Greenough acutually was the one that inspired me to do this after waching the movie Crystal Voyager. Any chance the article you were reading is on the web?

thanks very much mate , those photos show it well !!

 

umm, i dunno ...it's nearly a 40 year old issue??

 

but i could possibly old school photocopy and 'snail mail ' it to you , if you like ?

 

 the whole issue was about photography , and my brother Simon ['lazarus' here on sways] got a two page spread of his work , with a written [by him] article 'chipper's tips' [he worked for Tracks for a while in the 1970s]

 

   cheers !

 

  ben

that would be AWESOME! Ill PM you my address.

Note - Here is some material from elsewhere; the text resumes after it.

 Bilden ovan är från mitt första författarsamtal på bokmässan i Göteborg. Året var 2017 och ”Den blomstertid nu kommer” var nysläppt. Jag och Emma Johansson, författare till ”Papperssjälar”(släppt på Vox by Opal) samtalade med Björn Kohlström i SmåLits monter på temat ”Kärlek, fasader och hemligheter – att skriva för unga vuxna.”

Just a few updates. No leaks, and got slammed pretty hard, pinned on the ground with the camera between me and the sand. A few scratches on the front of the port but no leaks at all.

woohooo ....bravo , mate !

 

love the different water colour you guys have there . and the last shot is a cracker !

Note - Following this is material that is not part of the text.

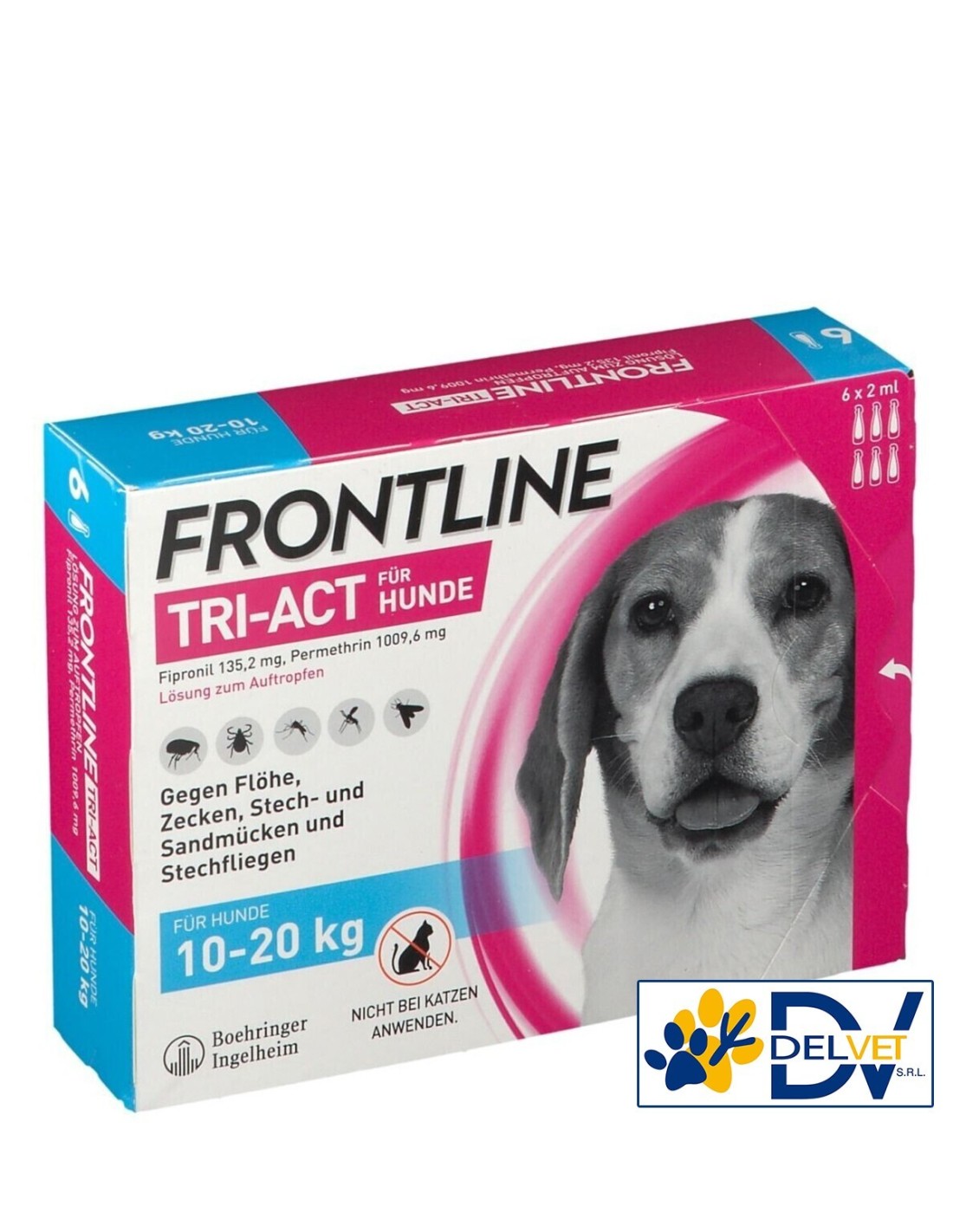 FRONTLINE TRI-ACT CANE TAGLIA M DA 10 A 20 KG 6 PIPETTE flebotomi e mosche cavalline. La combinazione dei due principi attivi di Frontline Tri-Act, fipronil e permetrina, esercita non solo un’azione preventiva nei confronti delle infestazioni da pulci e/o zecche, ma anche insetticida nei confronti di flebotomi, mosche cavalline e/o zanzare, vettori della leishmaniosi.

hey , finally I got it together ,  located the 1978 tracks with the george greenough article on water housings , and today I have  scanned it for you .

 

  enjoy !

 

 and please keep the water shots coming eh ?

 

 [as an aside ...  I christened  my brother Simon's 'Go Pro' ,  today . VERY generous of him to give it to me !  [he won a new one , along with ALL the acccessories they make , in a go-pro 'photo of the day' contest , a while back ...yeehaaawww !!]

bengopro0ct27th20114.jpg 

5.30am.....

ABENGOPROSHOT29.jpg  ]

 

 so , anyway ...

 

 .... here is the article , Smov !!

photography_0002_NEW.jpg

 

photography_0003_NEW.jpg

 

enjoy !

 

  cheers

 

  ben chipper

 

  west oz

 

[also in the same issue [august 1978 Tracks] was an article by Simon , called " chipper's tips]

Nicely done Smovlov!

Here is mine for my D60.

Trevorn,
Looks good. Care to show the inside? How do you keep the camera from moving around? Also, what do you use to press the shutter?

surfthis,
Thanks!

chippy,

That morning shot is pretty killer. Not too sharky in the morning? The water here varies depending on the season and swell (I’m pretty sure it does that everywhere right?). When the water cools down and we got good groundswells in the winter it turns crystal clear and blue green sometimes.Hopefully ill be getting a fisheye and making a new dome port for the housing. Not much different than the go pro as far as the style of the image goes. The only real advantages are that the shutter click is instantaneous and the image quality can be better. Thanks for throwing that article up too!

Ive been considering building another housing for my D200 but this time it would be a rear-loading design with pistol grip and rear controls too. Probably wont happen for the next 6 months but if I do start on it I’ll post some things up.

I used hard foam pieces to keep the camera in place. For the shutter I used a rubber plumbing end cap sanded down slightly for flex, then I made this spring loaded shaft mechanism that after the shutter is pressed springs back in to place. It was a massive pain in the ass. You can’t use those wired remote cables with the D50 or else I would have rigged up some kind of pistol grip trigger.

The lens housing is a threaded PVC joint I fed in through the hole I made from the inside so the edge butted up against the inside of the hole, then I screwed on outer piece and glued it at the same time, it’s pretty soild. I sandwiched a piece of lexan in between the threaded piece and the inner lip of the piece that screws on as well.